*** Opening of Dataset records ***

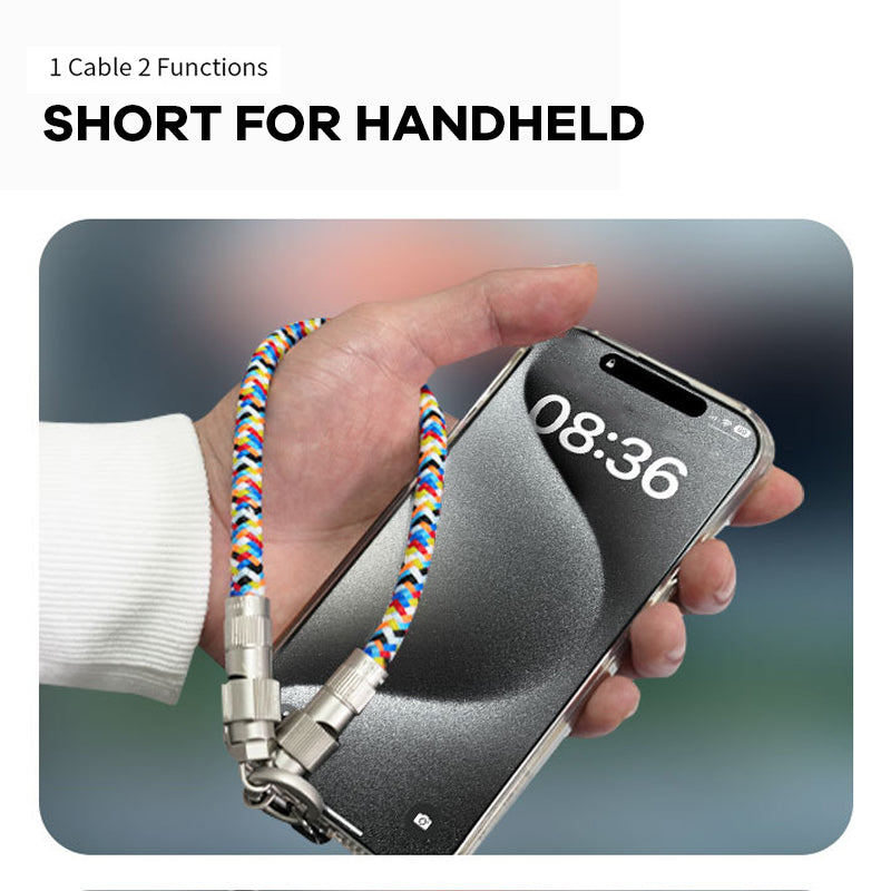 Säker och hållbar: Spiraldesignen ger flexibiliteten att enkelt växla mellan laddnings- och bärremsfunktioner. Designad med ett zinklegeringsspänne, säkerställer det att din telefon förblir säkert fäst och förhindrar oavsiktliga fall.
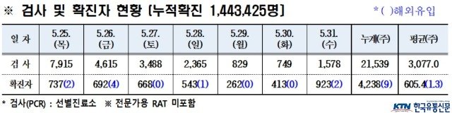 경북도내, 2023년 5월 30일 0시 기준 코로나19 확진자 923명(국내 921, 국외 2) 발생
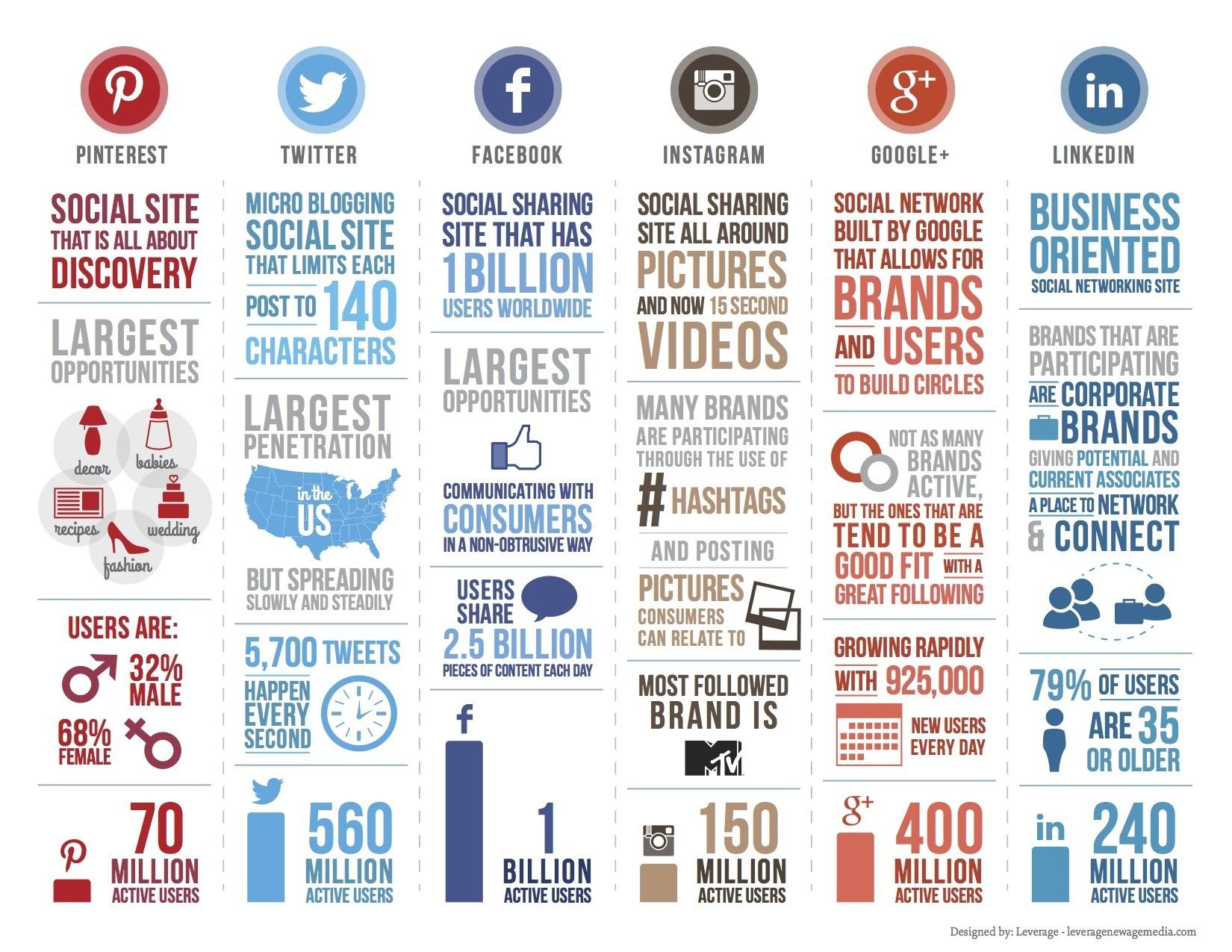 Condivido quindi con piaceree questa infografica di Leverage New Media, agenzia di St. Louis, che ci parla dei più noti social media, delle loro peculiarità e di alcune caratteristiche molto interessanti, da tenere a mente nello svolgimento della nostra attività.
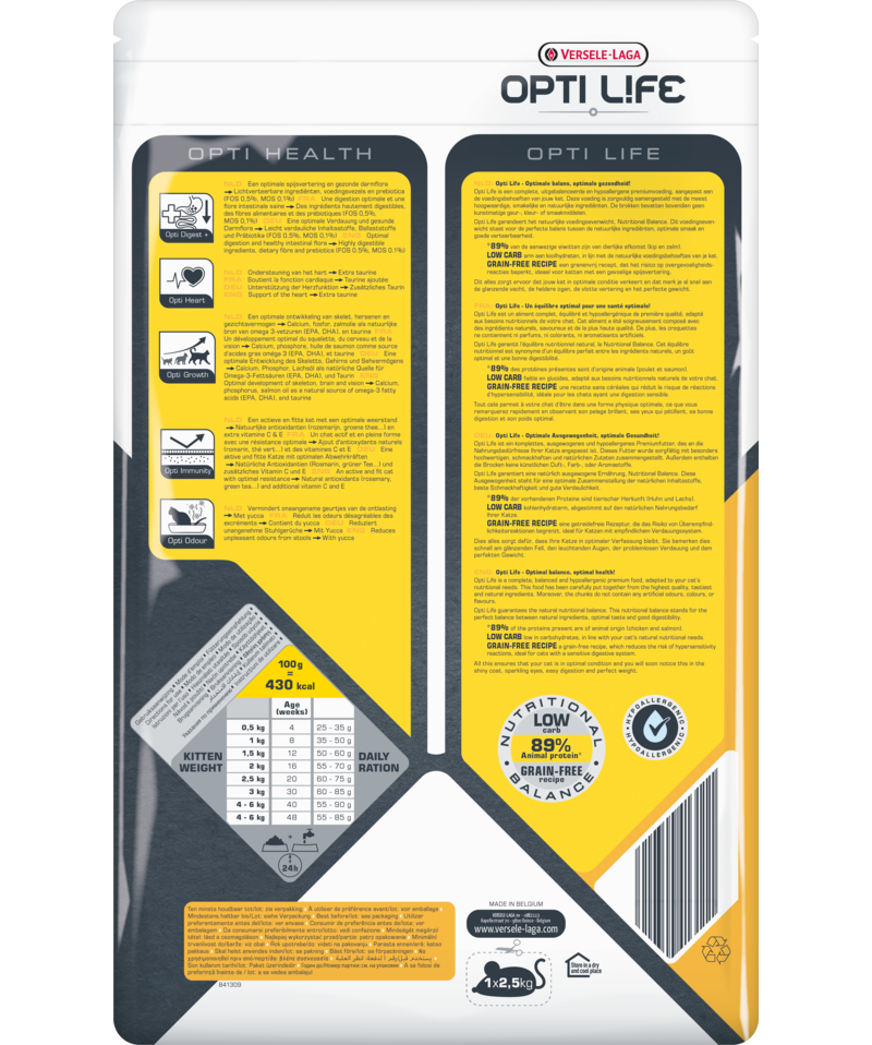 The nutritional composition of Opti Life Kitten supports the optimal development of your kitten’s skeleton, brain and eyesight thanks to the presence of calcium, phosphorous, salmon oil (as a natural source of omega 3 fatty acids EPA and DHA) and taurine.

*** Close of Dataset records ***
*** Opening of Dataset records ***

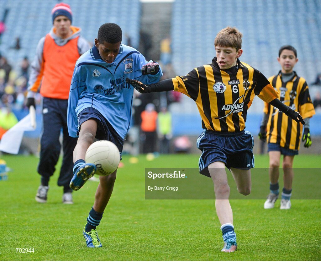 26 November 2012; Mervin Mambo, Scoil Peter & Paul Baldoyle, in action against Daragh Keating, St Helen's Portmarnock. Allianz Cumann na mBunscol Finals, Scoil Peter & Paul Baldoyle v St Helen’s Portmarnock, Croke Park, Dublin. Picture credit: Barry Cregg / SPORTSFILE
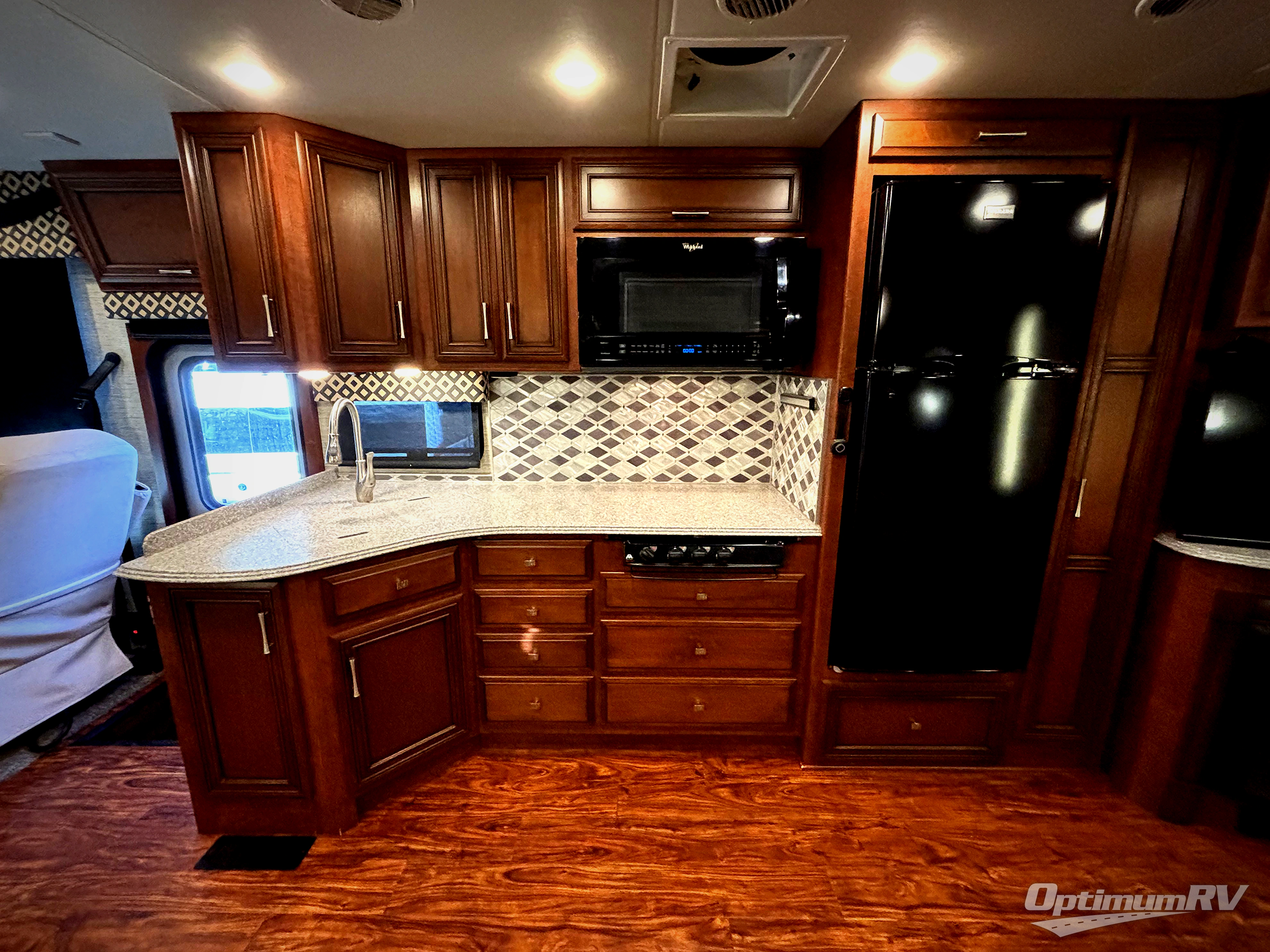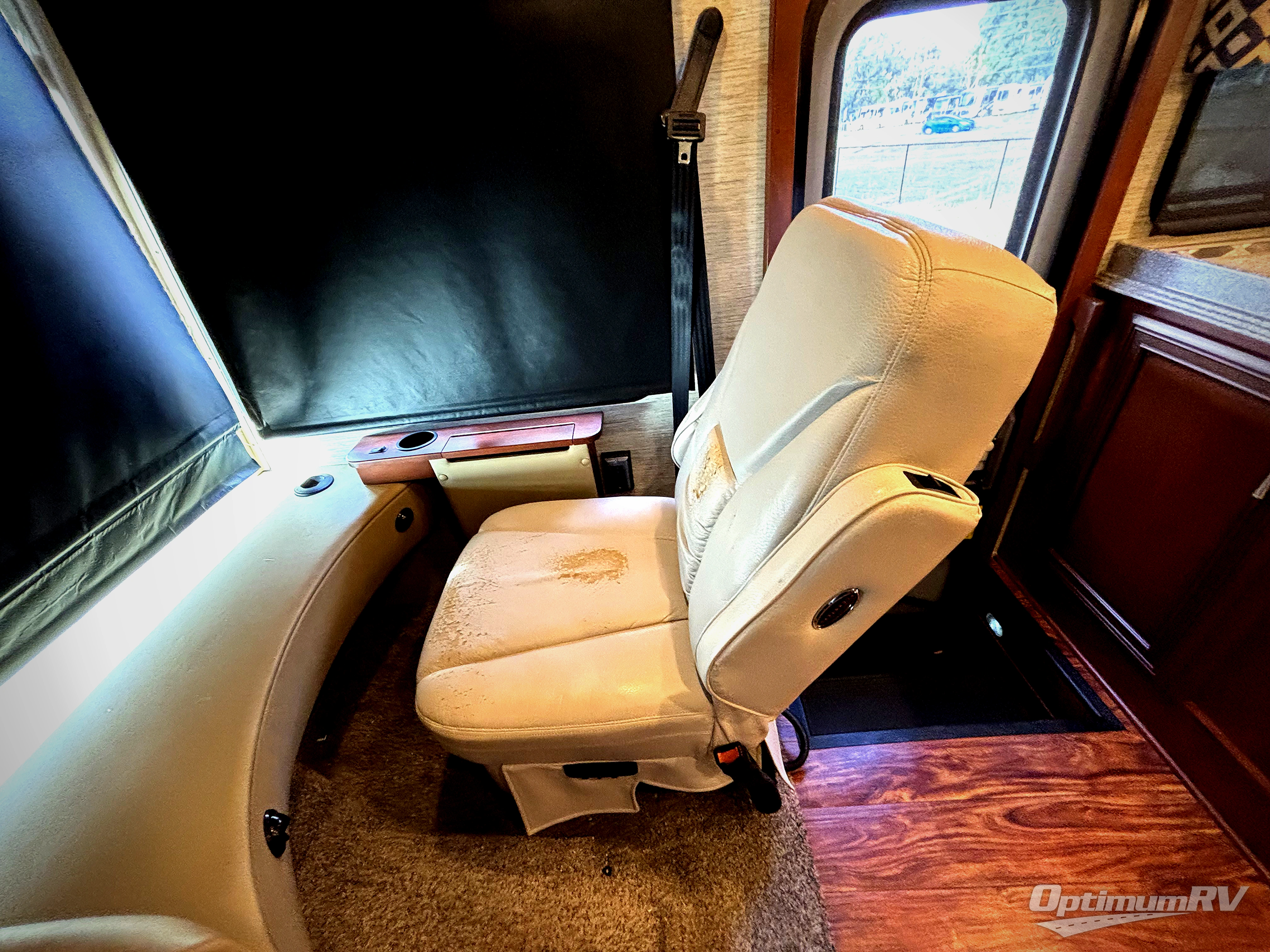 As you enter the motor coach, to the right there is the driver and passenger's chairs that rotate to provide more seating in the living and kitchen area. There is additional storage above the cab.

*** Close of Dataset records ***
*** Opening of Dataset records ***

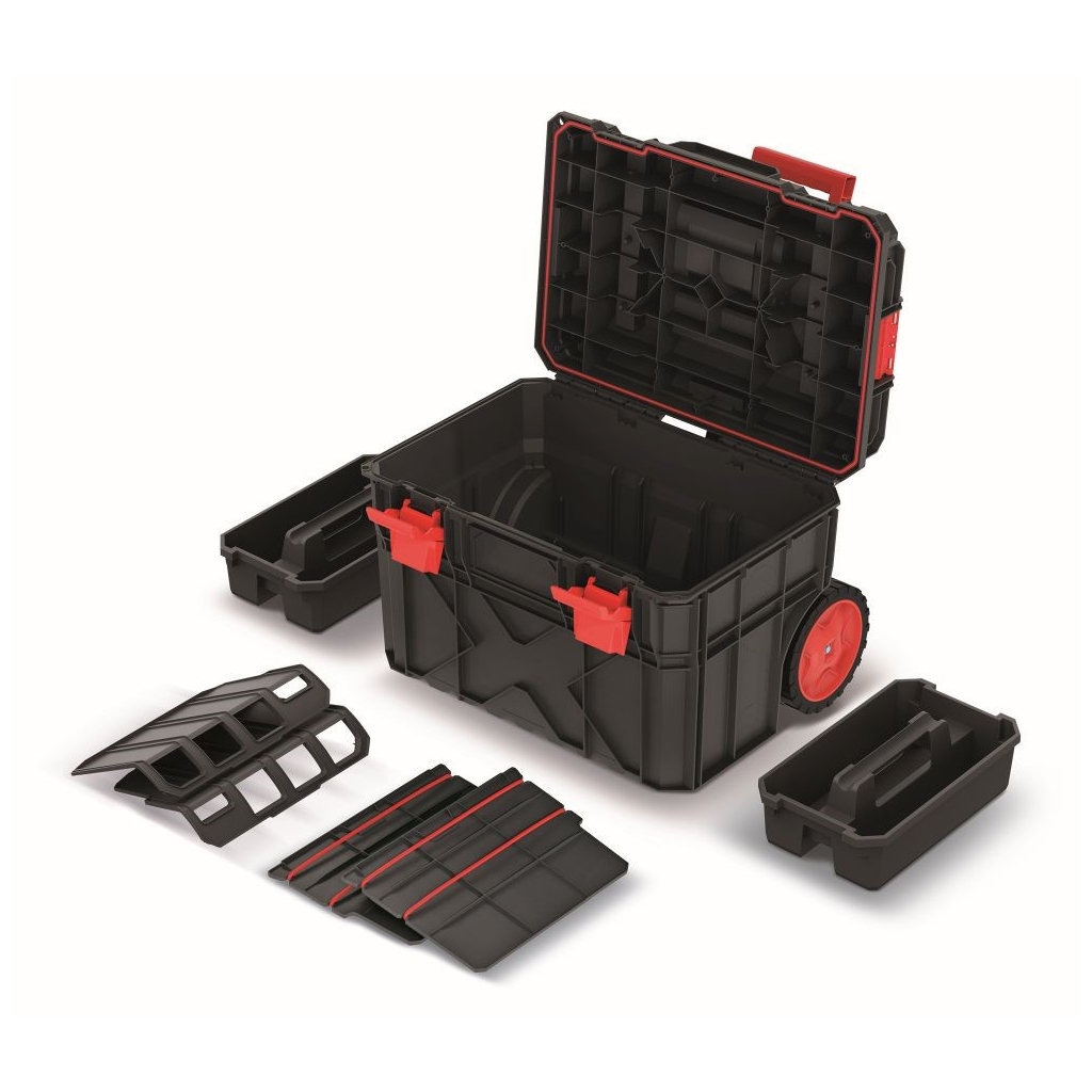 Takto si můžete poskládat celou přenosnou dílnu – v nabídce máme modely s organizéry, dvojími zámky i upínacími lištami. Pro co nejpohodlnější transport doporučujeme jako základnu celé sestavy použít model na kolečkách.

*** Close of Dataset records ***

## The task
Your reply is to be an exact repeat of the listing above from the line holding "Säker och hållbar: Spiraldesignen" down to the line holding "The nutritional composition", ends included, pictures excluded.

## Task solution
 Säker och hållbar: Spiraldesignen ger flexibiliteten att enkelt växla mellan laddnings- och bärremsfunktioner. Designad med ett zinklegeringsspänne, säkerställer det att din telefon förblir säkert fäst och förhindrar oavsiktliga fall.
 경북도내, 2023년 5월 30일 0시 기준 코로나19 확진자 923명(국내 921, 국외 2) 발생
 Condivido quindi con piaceree questa infografica di Leverage New Media, agenzia di St. Louis, che ci parla dei più noti social media, delle loro peculiarità e di alcune caratteristiche molto interessanti, da tenere a mente nello svolgimento della nostra attività.
 The nutritional composition of Opti Life Kitten supports the optimal development of your kitten’s skeleton, brain and eyesight thanks to the presence of calcium, phosphorous, salmon oil (as a natural source of omega 3 fatty acids EPA and DHA) and taurine.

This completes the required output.